Build an AI Agent With Claude

By James KillickOctober 26, 2025
Build an AI Agent With Claude

TL;DR: You can build an AI agent with Claude using Anthropic's API and a few lines of Python. The key decisions are your agent's tools, memory model, and how it calls itself. Get those three right and the rest follows.

You can build an AI agent with Claude in a weekend. Give it tools, give it memory, give it a loop, and it starts doing real work.

The hard part is not the code. It is knowing what decisions to make before you write the first line.

What is an AI agent, actually?

An AI agent is a model that takes actions, not just generates text. It reads inputs, picks a tool, runs that tool, reads the result, then decides what to do next.

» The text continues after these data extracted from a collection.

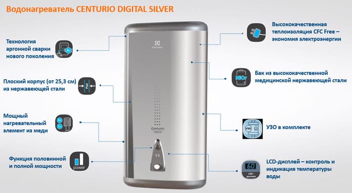 Electrolux серии EWH Centurio Digital Silver – электрический накопительный водонагреватель с высокими антикоррозийными свойствами.
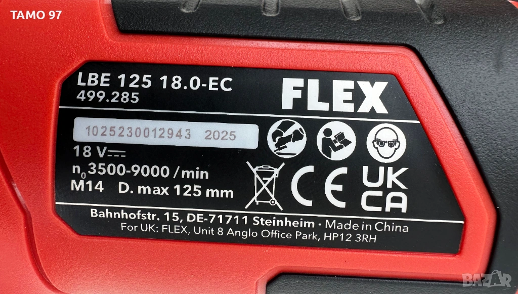 Марка и модел: Flex LBE 125 18.0-EC Напрежение на мотора: 18V
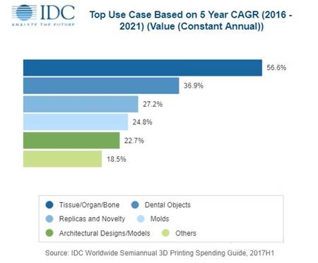 IDC分析師認(rèn)為,到2022年,75%的新3D打印機(jī)將支持凝膠和橡膠等特性的新材料,從而帶來(lái)20億美元與3D打印產(chǎn)品相關(guān)的新支出。
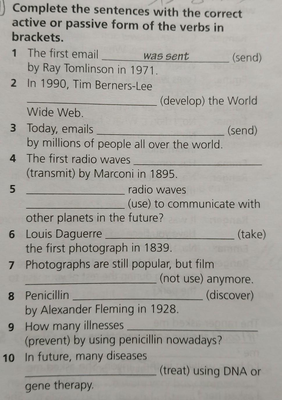 2 developed 3 are sent 4 were transmitted 5 Will …be used 6 took 7 isn’t used 8 was discovered 9 are prevented 10 will be treated
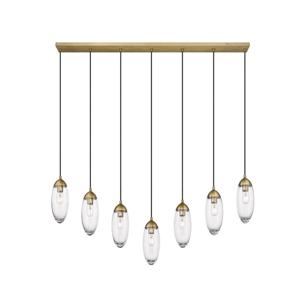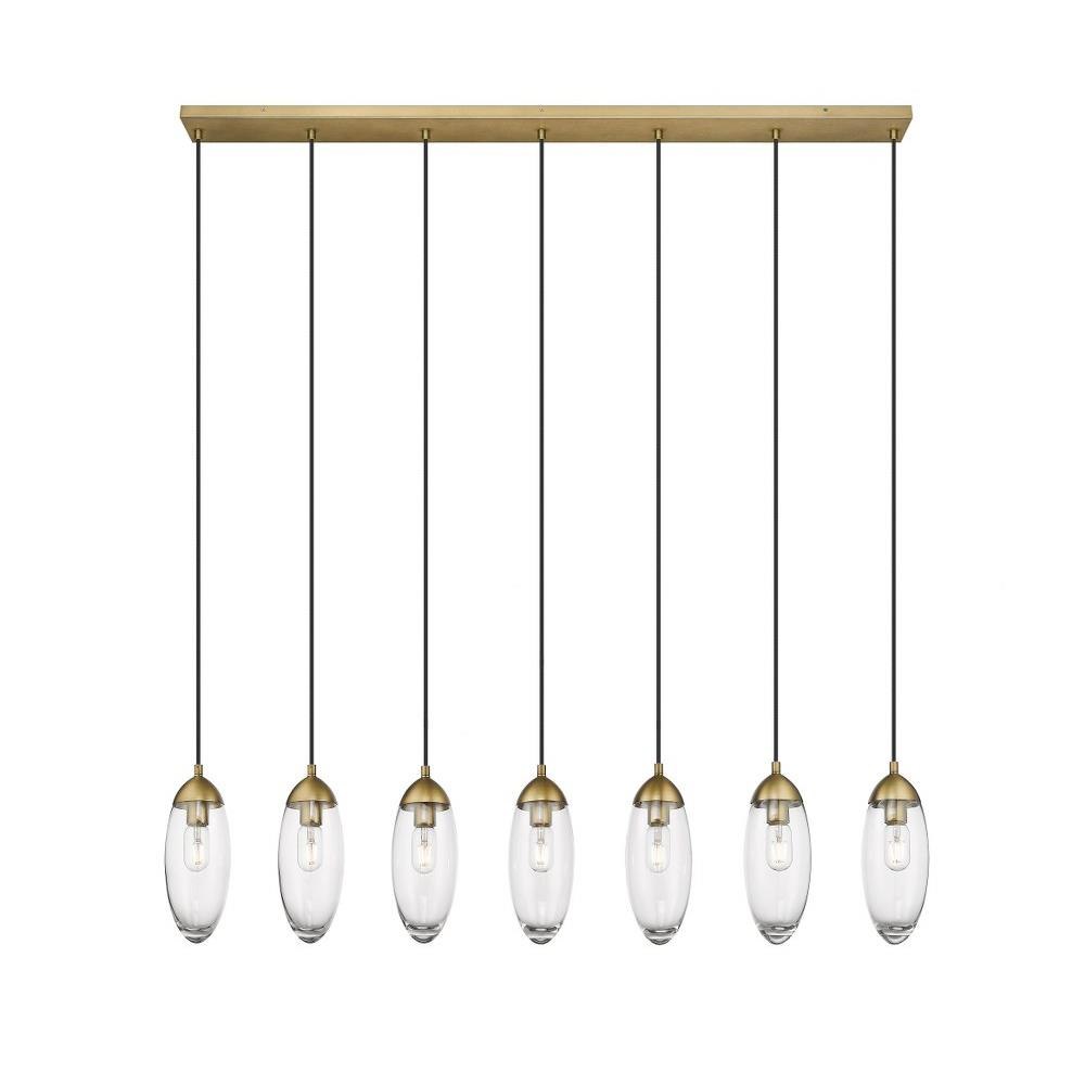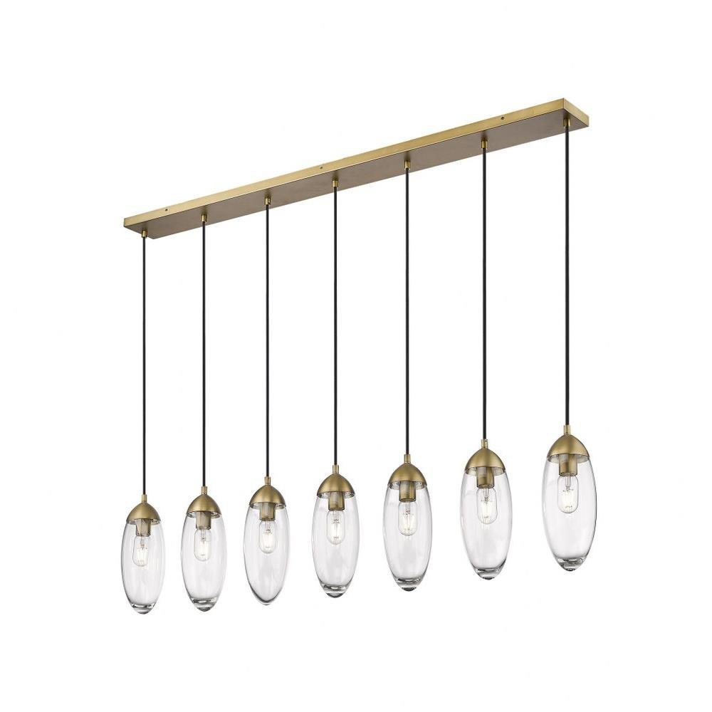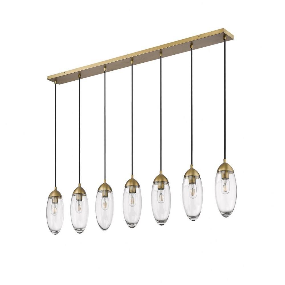 Customize a modern interior design scheme lighting suited to sleek elegance. A careful arrangement of delicate glass teardrop shades forms a minimalist silhouette with maximal impact as this seven-light chandelier becomes an expression of sophistication in a contemporary setting. Placed over an island, dining ensemble, or living area, this fixture with a brushed nickel finish metal canopy offers a sought-after mix of organic and gallery-inspired flavor.
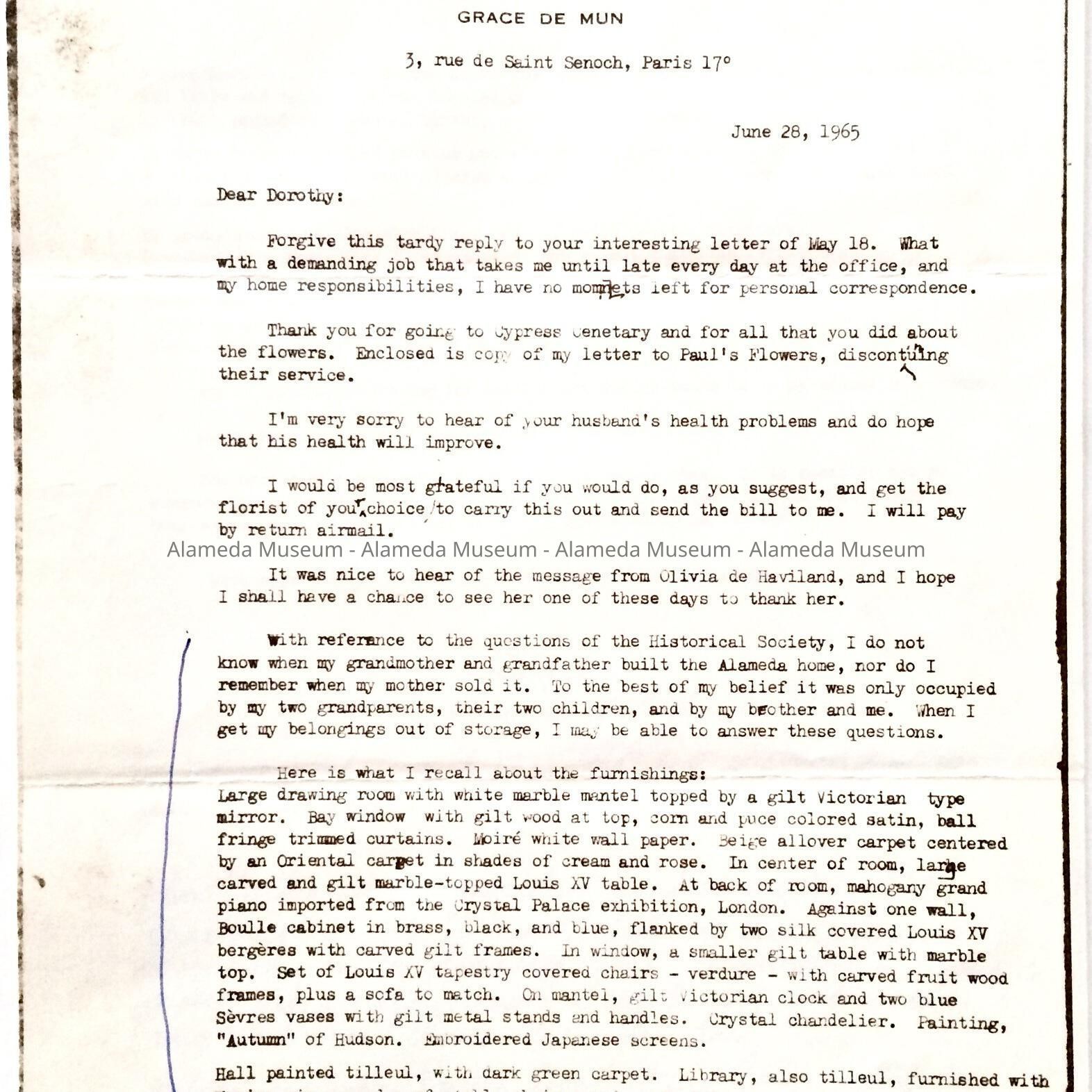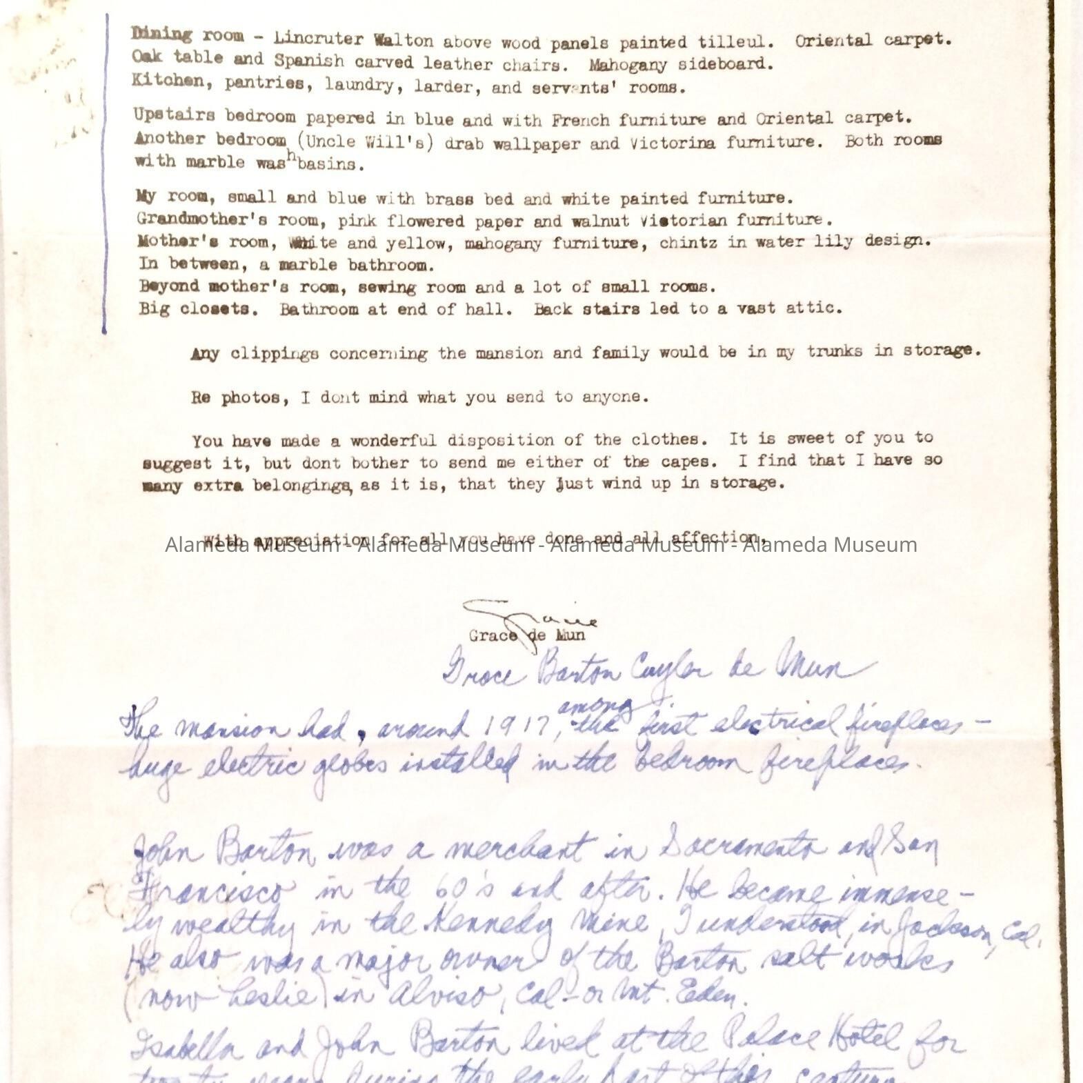 Typewritten Recollections composed by Grace de Mun, granddaughter of John Barton, describing the interior of his mansion which stood at the present site of the Hotel Alameda. Given to the Alameda Museum in 1974 and never catalogued.

Claude is well-suited for this because it handles long context windows reliably and follows tool call schemas consistently. It does not hallucinate tool calls the way smaller models do.

A basic Claude agent has three parts:

  • A system prompt that defines its job
  • A set of tools it can call (functions you write)
  • A loop that keeps running until the job is done or it hits a stop condition

That is the whole architecture. Build from there.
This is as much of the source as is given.